Capítulo 12: Esa magia que no ves
—Tengo una buena noticia para ti, Karen —soltó Orpheo, cuando volvió a verla.
Ella lo miró por un instante y bajó la vista. Así venía siendo desde que había entrado al aula. El episodio de su última clase la llenaba de bochorno. Si tan solo ella supiera lo bien que le había hecho a él tenerla tan cerca. Ese abrazo lo había sentido más cercano que cualquier encuentro carnal con su esposa.
Para Karen, fue verlo y dar rienda suelta a sus inseguridades de nuevo. Esa camaradería que habían conquistado se había esfumado y lo sentía desconocido otra vez. Le era imposible sostenerle la mirada. Esos ojos parecían atravesarla y desarmarla. ¿No podía mostrarse frío y distante como el resto de los hombres que pasaban por su salón? Eso le habría facilitado las cosas desde el principio.
Habían pasado un par de semanas desde su último encuentro. Monique había llamado a la academia alegando que su esposo estaba enfermo y que por eso no podía asistir. De esa forma, él no perdería el cupo, ni el dinero que ya había pagado por adelantado.
—¿Ah, si?—murmuró.
Él se apoyó en el piano, luego de cerrar la tapa, justo a su lado. Sabía que le molestaba y él adoraba hacerlo. Se quedó en silencio esperando. Hasta que ella no levantara la vista no pensaba soltar sonido, ni dejarla evadirse con el instrumento.A esa altura, ya le conocía bien los vicios.
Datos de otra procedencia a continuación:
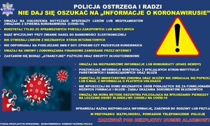W związku z rozprzestrzenianiem się pandemii koronawirusa funkcjonariusze Biura Prewencji Komendy Głównej Policji apelują o zachowanie ostrożności i rozsądku oraz przestrzegają przed oszustami. Pamiętajmy, że przestępcy, wykorzystując obawę i niepewność związaną z epidemią, chcą wyłudzić pieniądze lub wprowadzić dezinformację, zasypując sieć oraz media fałszywymi informacjami, czyli fake newsami.
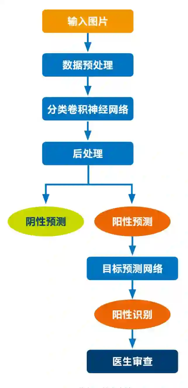 江丰生物联合英特尔构建的基于宫颈 LBP 切片的宫颈癌筛查 AI 解决方案,主要工作流程如下图所示,系统在输入图片后,经由数据预处理、分类卷积神经网络和后处理阶段,分别得到阳性预测和阴性预测。对于阳性预测,方案则进行第二阶段的目标侦测网络(基于 Resnet50)模型的训练,然后进行阳性识别的推理过程,并交由医生做最终审查。
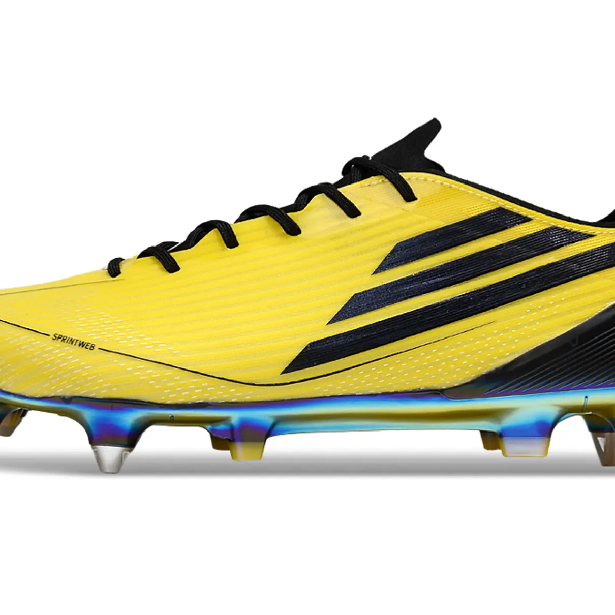Desenvolvida para jogadores rápidos e decisivos, a Adidas F50 combina leveza, velocidade e um visual marcante. Nesta versão em amarelo e preto, o design agressivo reforça a identidade de quem impõe respeito com a bola nos pés.
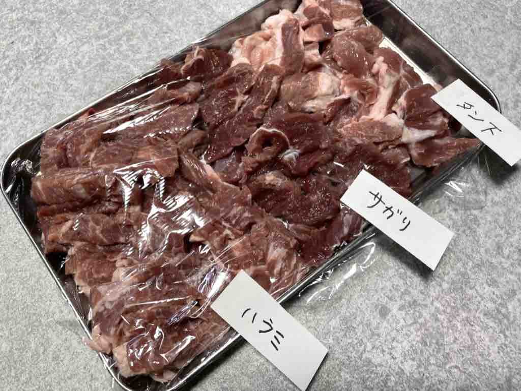 専門店で買ってきた豚モツを丁寧に捌いて?バットに並べる
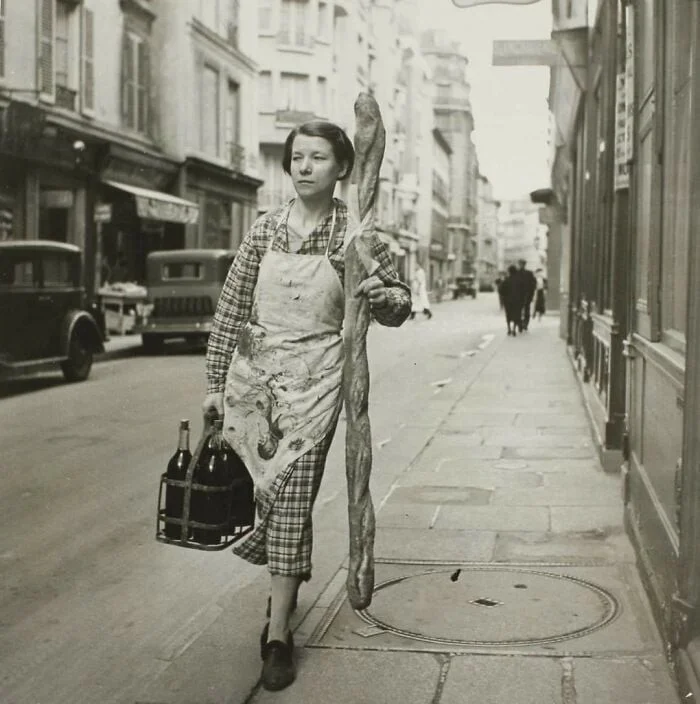 26. Француженка с багетом и шестью бутылками вина на улицах Парижа, 1945 год
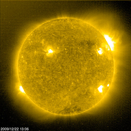 在这张太阳与日光层天文台(SOHO)于12月22日拍摄的紫外照片上,五个区域的磁场活动使太阳盘面闪耀着亮色斑点。在以可见光看太阳时,其中两个区域类似于“黑色”的太阳黑子。这是太阳与日光层天文台在2009年首次捕捉到太阳上几乎同时发生的剧烈活动。科学家表示,这或许预示着太阳罕见的漫长安静期的结束。
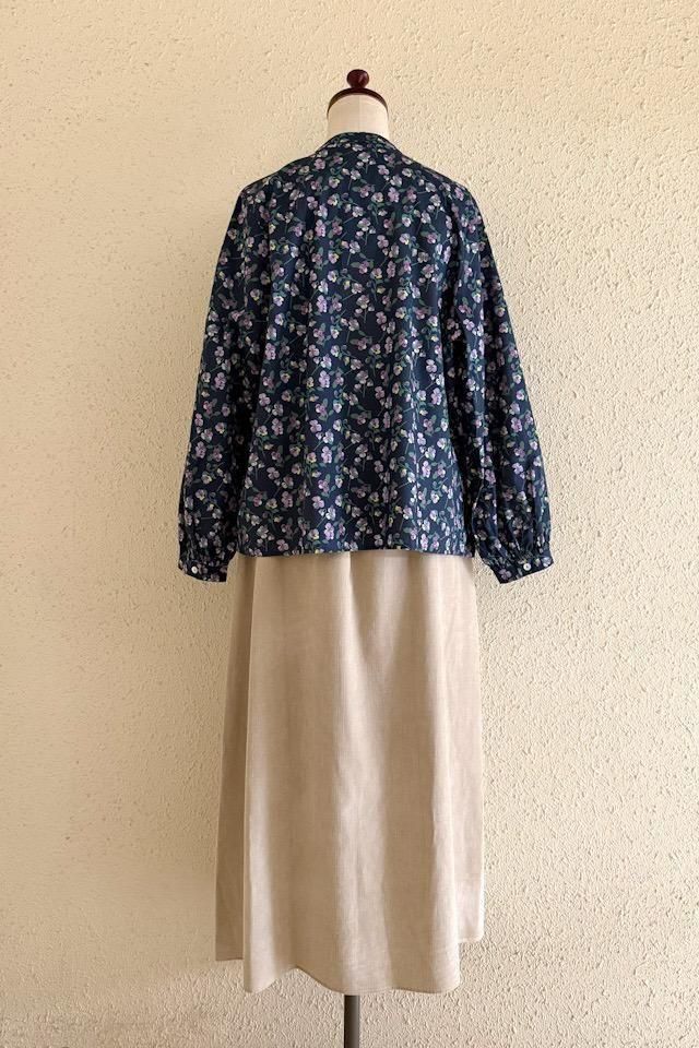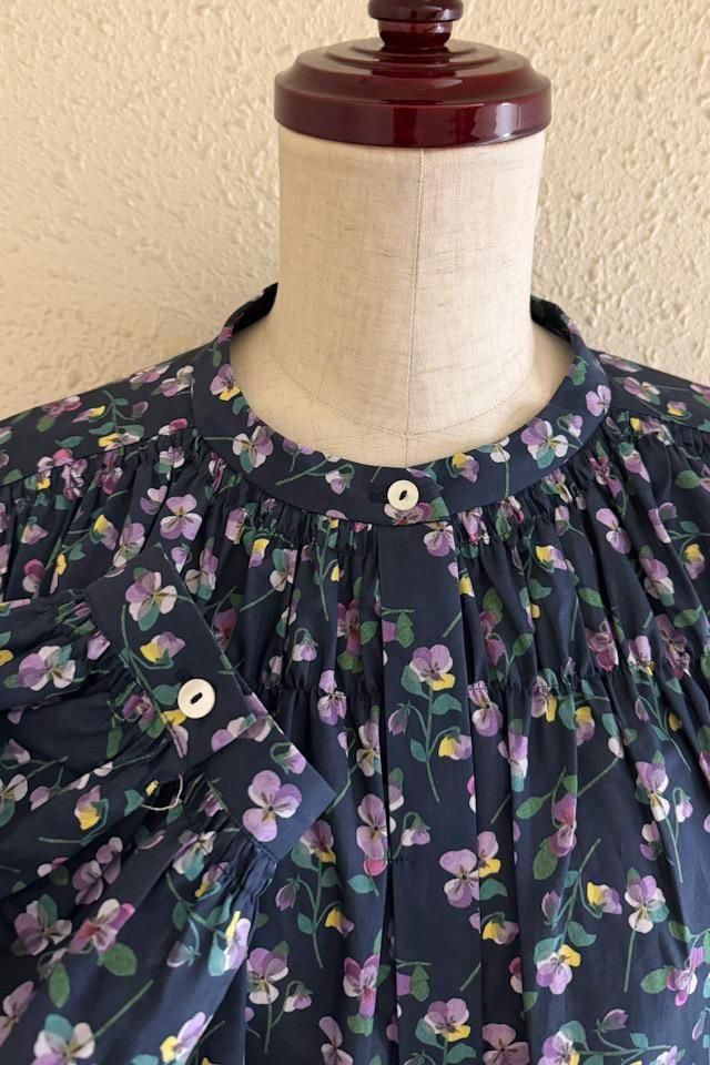 sosotto LIBERTYタナローン胸シャーリングブラウス ネイビー
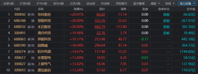 今日(4月26日),新能源赛道大幅回暖,其中,电力设备股表现最为活跃,截至收盘,帝科股份、昱能科技、禾迈股份、通合科技4股集体20cm涨停,神力股份、科力尔、爱旭股份等多股也封板涨停,此外,派能科技、固德威、阳光电源等多只行业白马涨幅也超10%。
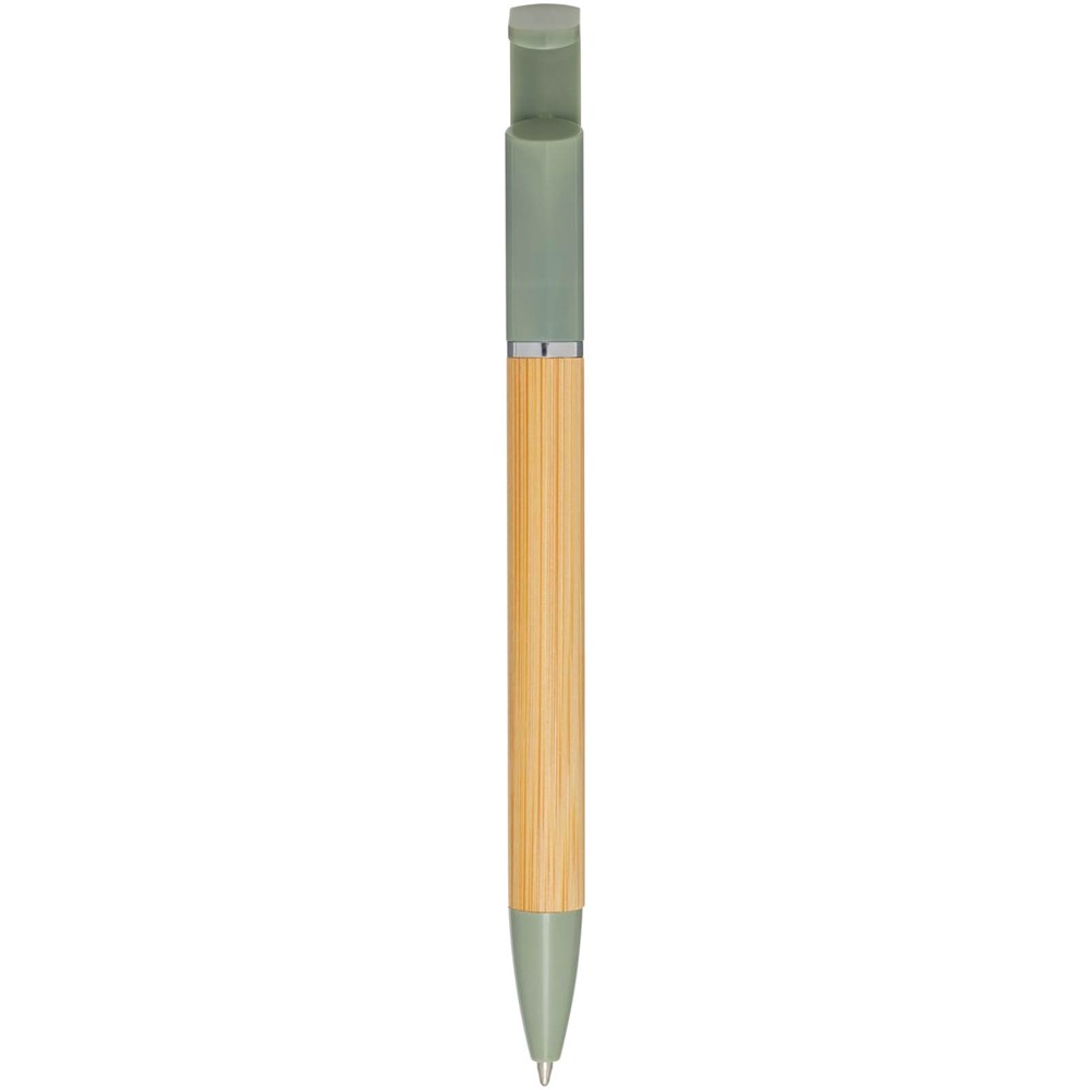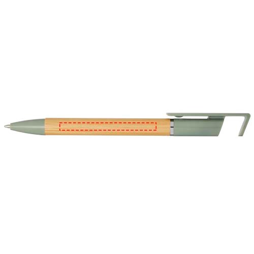 Stylo bille en bambou qui sert également de support pour téléphone. Le bouton et l'anneau central sont en plastique recyclé, la pointe est en laiton, et le corps est en bambou d'origine responsable. Couleur de l'encre : Noire. Longueur d'écriture : 1 000 mètres. Taille de la plume : 1 mm.
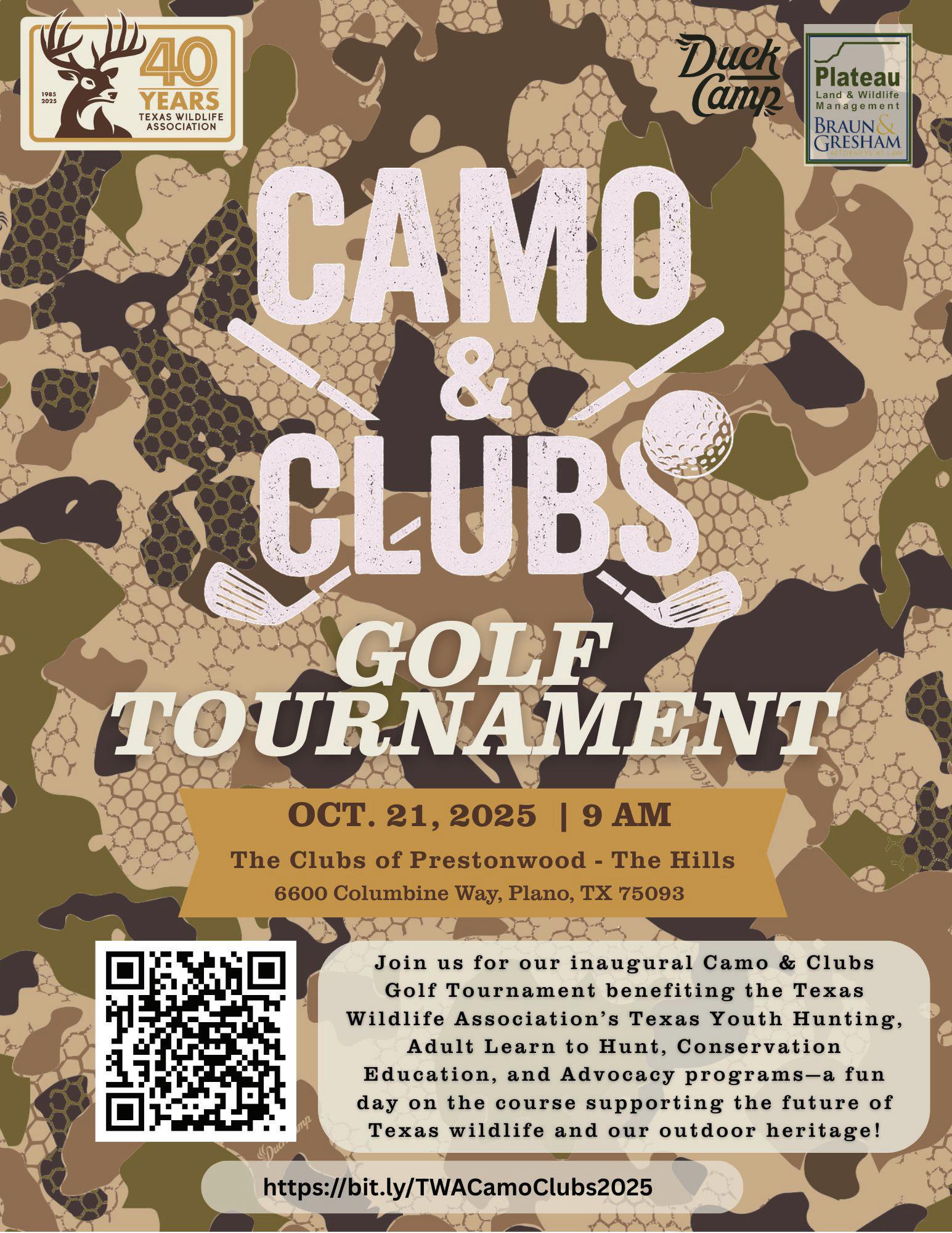 Inaugural TWA Camo & Clubs Golf Tournament, 9 a.m., The Clubs of Prestonwood—The Hills, Plano. https://bit.ly/TWACamoClubs2025
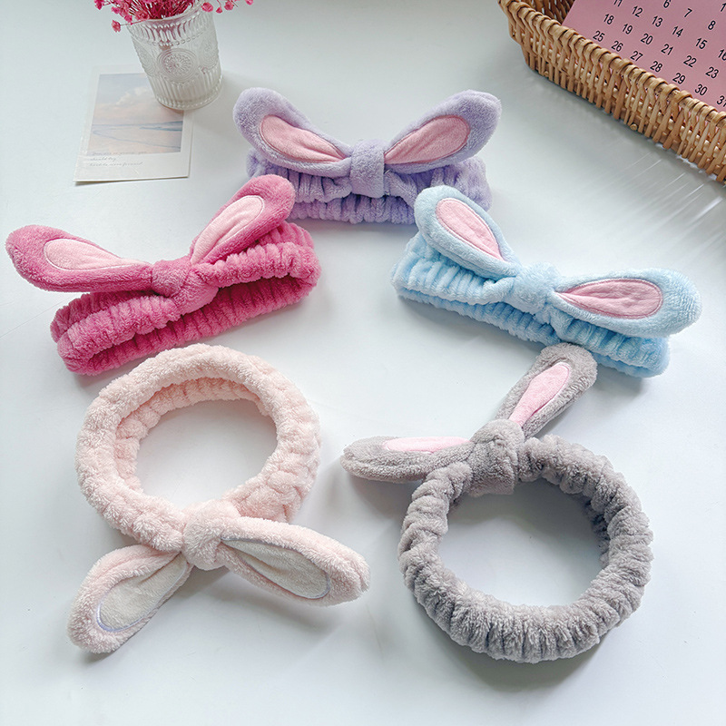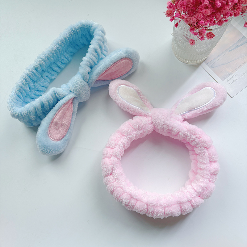 (Vincha de Skincare con temática de orejas de conejo en colores surtidos. Ideal para tu rutina de día a día).
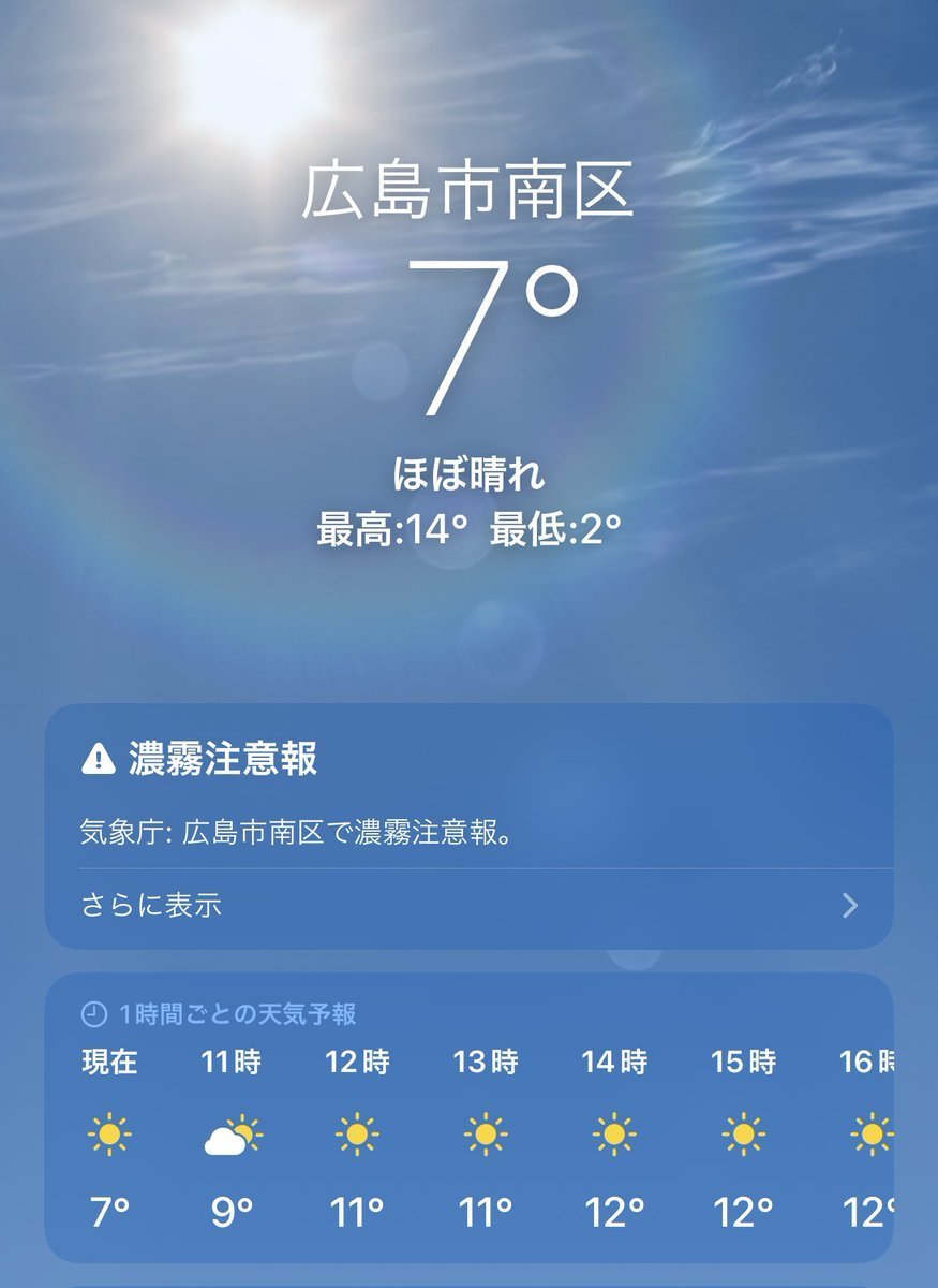 2/8(水)広島市南区の天気は曇り☁️

Pasaron los segundos y, en lugar de hacer lo que él quería, se fue a buscar unas partituras. No se iba a dejar vencer. Se corrió un palmo hacia la izquierda, para tapar el atril del piano. Karen resopló con fastidio, empujándolo con su brazo para que se apartara. Mover los ochenta y cinco kilos de masa masculina estaba fuera de su alcance y no le hizo ni cosquillas.
—Orpheo, ¿puedes...?—farfulló, clavando la mirada al frente.
—¿Sí?
—Apártate, por el amor de Diosa. ¿No ves que estás perdiendo tiempo de clase? —le espetó—. ¿Qué demonios te pasa?
—¿Poooor...? —Arrastró las palabras, inmóvil y con una sonrisa gigante.
Se lo estaba pasando en grande.
—¿Qué tengo que hacer para que me dejes trabajar? —le reclamó.
—Las palabras mágicas —canturreó.
—¿Qué? —exclamó indignada, mirándolo por fin.
¡Bingo! Nada más verle la expresión divertida la hizo enfadarse más. En los ojos de su alumno, no era más un pequeño gnomo adorable y enojón. Si ella creía que lo estaba intimidando, estaba muy equivocada. En ese modo, advirtió Orpheo, no le costaba nada sostenerle la mirada. Gracias a Diosa, había logrado seguir frecuentándola. Extrañaba sus encuentros.
—¿"Por favor"? ¿No te han enseñado las palabras mágicas en la escuela? "Por favor y gracias..." —citó una conocida canción infantil.
La observó luchar contra el impulso de esbozar una sonrisa con todas sus fuerzas y se rio, contagiándola. Cuando pasó el momento, Orpheo llevó su dedo al entrecejo de su profesora, nuevamente fruncido, como había hecho otras tantas veces. Consiguió que se relajara al instante y celebró la victoria para sus adentros. Karen bajó la vista, pero con una expresión totalmente diferente a la que tenía cuando él había entrado. Hasta estaba sonrojada.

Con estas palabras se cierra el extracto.